Secretary General of the Presidency of Peru
- In office 29 July 2021 – 23 November 2021
- President: Pedro Castillo
- Preceded by: Félix Pino Figueroa
- Succeeded by: Carlos Jaico Carranza

Personal details
- Born: Arnulfo Bruno Pacheco Castillo 5 February 1970 (age 56)
- Party: We Are Peru (2009-present)
- Occupation: Teacher and politician

= Bruno Pacheco (politician) =

Peruvian educator, politician and fugitive

Arnulfo Bruno Pacheco Castillo (born 5 February 1970) is a Peruvian politician and former presidential secretary of Peru. He served in that position and as presidential chief of staff under Peruvian President Pedro Castillo. During 2022, Pacheco was a fugitive, but on 25 July of that year, he surrendered to authorities.

==Early life==
Pacheco was born in Lima. He studied education and became a teacher at Peru's high school level, teaching biology and chemistry there since 1998. He also taught physical education, financial math and technical design at Peru's Chorillos Military School. During 2009, he decided to launch his political career, joining the Peruvian party, Somos Peru.

==Legal troubles==
According to IDL-Reporteros, Pacheco used his closeness to President Castillo without the president's knowledge, with a Government Palace insider telling IDL that the president was indecisive while political aides used his name for their own interests. During November 2021, Peruvian prosecutors ("Fiscalia de la Nacion") found the sum of $20,000 dollars inside the office that Pacheco occupied as presidential secretary. Pacheco alleged that the amount of money found was part of his salary as secretary and of some savings he had accumulated. The finding of the money took place after, earlier that month, general Jose Vizcarra Alvarez declared that Pacheco, as well as president Castillo and defence minister Walter Ayala had asked him to help promote two colonels to higher rankings in the Peruvian Army.

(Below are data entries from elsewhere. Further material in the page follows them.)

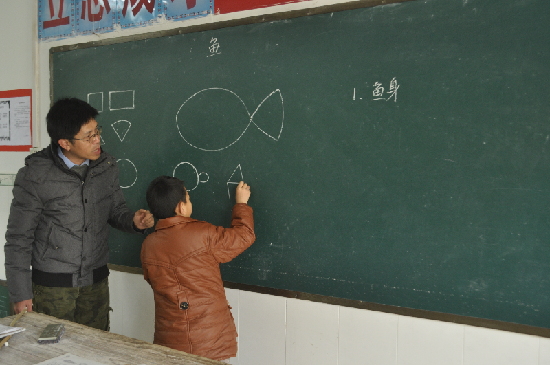 ????“用正方形、長方形、三角形、扇形隨意組合,可以畫成什么種類的魚呢?……”2月17日,梧州市中小學生新學期開課第一天,在蒼梧縣石橋鎮培中小學三年級一班,一位身材不高、穿著樸實的老師,正在向這所村校學生傳授畫畫的基礎知識。
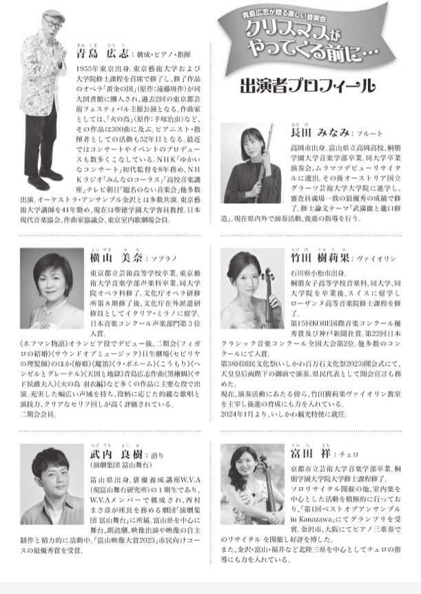 | イベント名 | 青島広志が贈る楽しい音楽会~クリスマスがやってくる前に・・・~ |
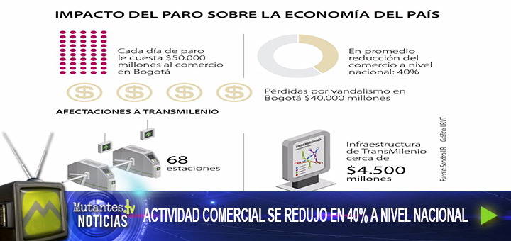 En los días de marchas la actividad comercial se redujo en 40% a nivel nacional y solo en Bogotá, Fenalco calcula pérdidas diarias de $50.000 millones para los comerciantes Colombia lleva siete días de...
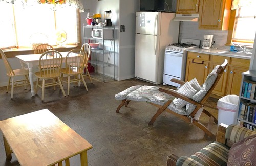 there is a full kitchen with everything you would need Two TV's, ironing board and iron, hair dryer, heater, window fans, no AC, picnic table w/umbrella, lawn chairs, charcoal grill, and a safe off the street parking lot. Cottage has a reading library and board games. You have a clothes line behind your cottage. Parking is limited to TWO vehicles. No boats, trailers or campers.
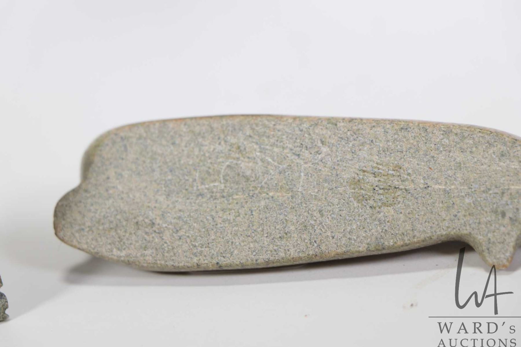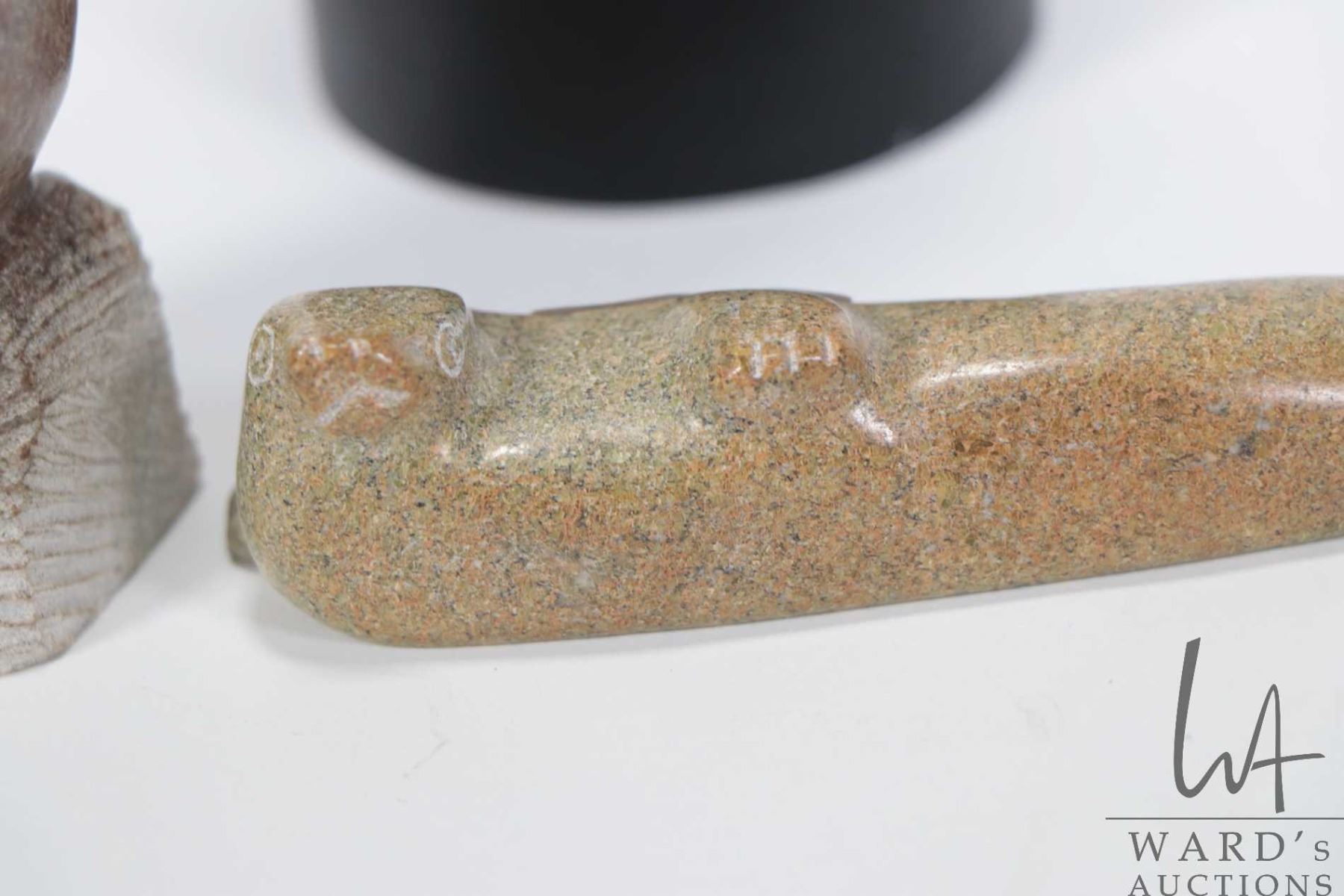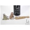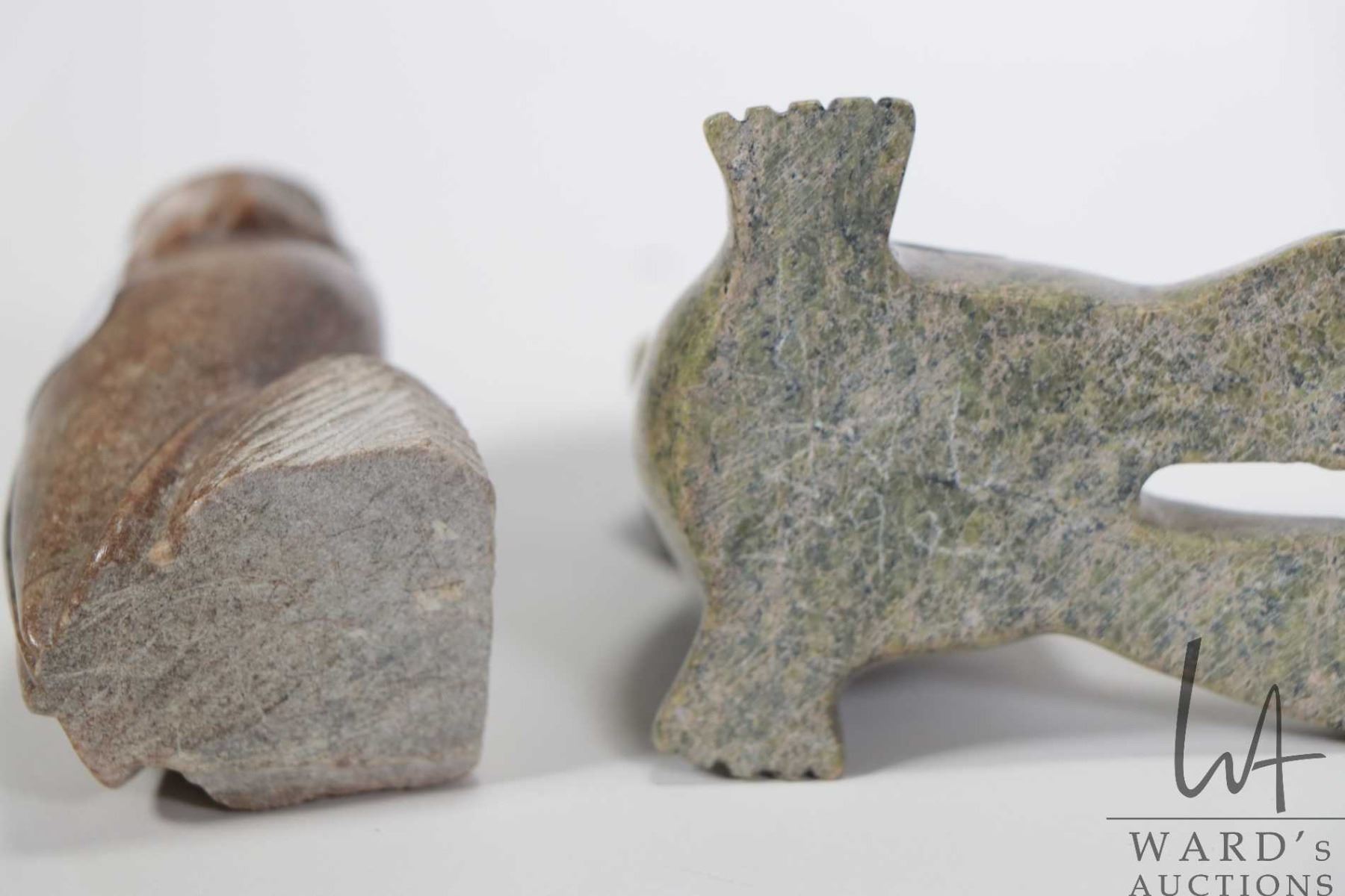 Three small hand carved soapstone figures including two seals and an owl 3" in height
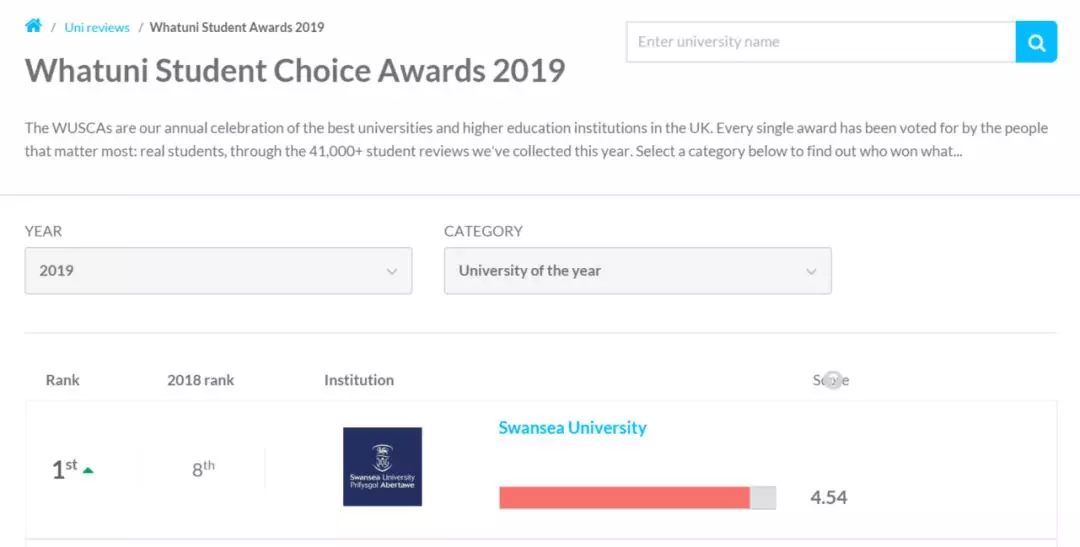 今年是WUSCA奖的第6届,而这是斯旺西大学近5年来第2次登顶Whatuni年度最佳大学!
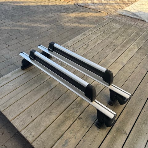 Thule skistativ selges, har stått på en Skoda Kodiaq 18’ mod med takrails
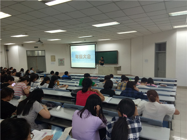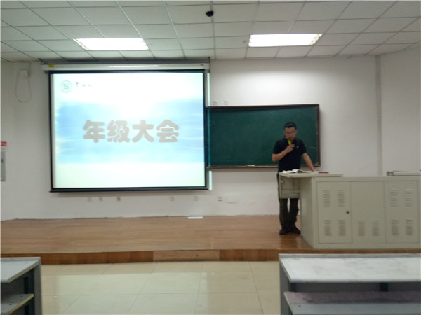 六月中旬,考试周将至,同学们都开始了紧张的考前复习。为了缓解同学们的复习压力,6月14日晚,2015级年级大会在新民校区第二教学楼2101教室准时召开。此次大会,让同学们的精神为之一振,既重申了考前复习的重要性,也给大家敲响了警钟。2015级辅导员苏国范、2015级全体员工出席了本次年级大会。

On 11 April 2022, Pacheco appeared on national television in Peru, saying that he had received both threats and offers to bear witness in favor of certain government groups, without specifying which of those groups he referred to. The next day, judge Manuel Antonio Chuyo ordered Pacheco to serve a 36 months sentence of preventive prison time and also asked for his capture. Pacheco soon appealed the 36 months sentence.

On Monday, 18 April 2022, Pacheco's lawyer, William Paco Castillo, announced he would no longer defend the fugitive. Paco Castillo said that Pacheco had evidence that proved his innocence but was withholding it from investigators, and that after speaking to Pacheco, the lawyer and his client had decided that they would split over some disagreements between the two. Lawyer Paco Castillo also said that Pacheco does not want to be helped.

On 10 May, Lima's supreme court lowered Pacheco's sentence to 24 months instead of the 36 originally imposed to him.

Peruvian authorities obtained an order of arrest against Pacheco and against Peru's former minister of transportation, Juan Silva. On 17 May, the order against Pacheco became an international order of arrest against him and against another co-defendant, Fray Vazquez Castillo, as the Peruvian National Police feared they might have escaped to another country.

===Arrest===
On 25 July 2022, Pacheco gave himself up to authorities and was arrested at a house in Chorrillos. He was arrested by Harvey Colchado and taken by the "Equipo Especial de Fiscales Contra la Corrupcion en el Poder" ("Prosecutors' Special Team Against Top Government Corruption" or "EEFCCP"), after three days of dealings with that team.

His arrest was announced publicly by Peru's Attorney General, Patricia Benavides.

===Alleged connections===
Pacheco is also suspected of having personal connections to other people with political power in Peru, namely Vladimir Meza and Fernando Manrique, the latter of which who is a nephew of former President of Peru, Alejandro Toledo.

===Panorama show allegation===
The Peruvian television show, Panorama, alleged that until 17 February 2022, the Peruvian Police knew where Pacheco was located and that documents demonstrated that Pacheco was living at Ate District in Lima. The police then lost track of Pacheco, until he was arrested on 25 July.

===2024===
As of 2024, Pacheco was involved in another controversy in Peru, this time concerning an investigation by Peru's supreme prosecutor, Delia Espinoza, against SUNAT's former superintendent Luis Enrique Vera Castillo.

===Karelim López===
Peruvian businesswoman Karelim López is also involved in the scandal and investigations. On 17 July 2022, she declared to Peruvian television channel, America TV, that she believed Pacheco was withholding evidence that could implicate president Pedro Castillo in the scandal and that would prove Pacheco's innocence, and that Pacheco was being helped escape the police by the country's government.

==Personal life==
Pacheco is a supporter of the Peru national football team.

===Health problems===
He has diabetes, hypertension and heart problems related to a left-sided mitral valve.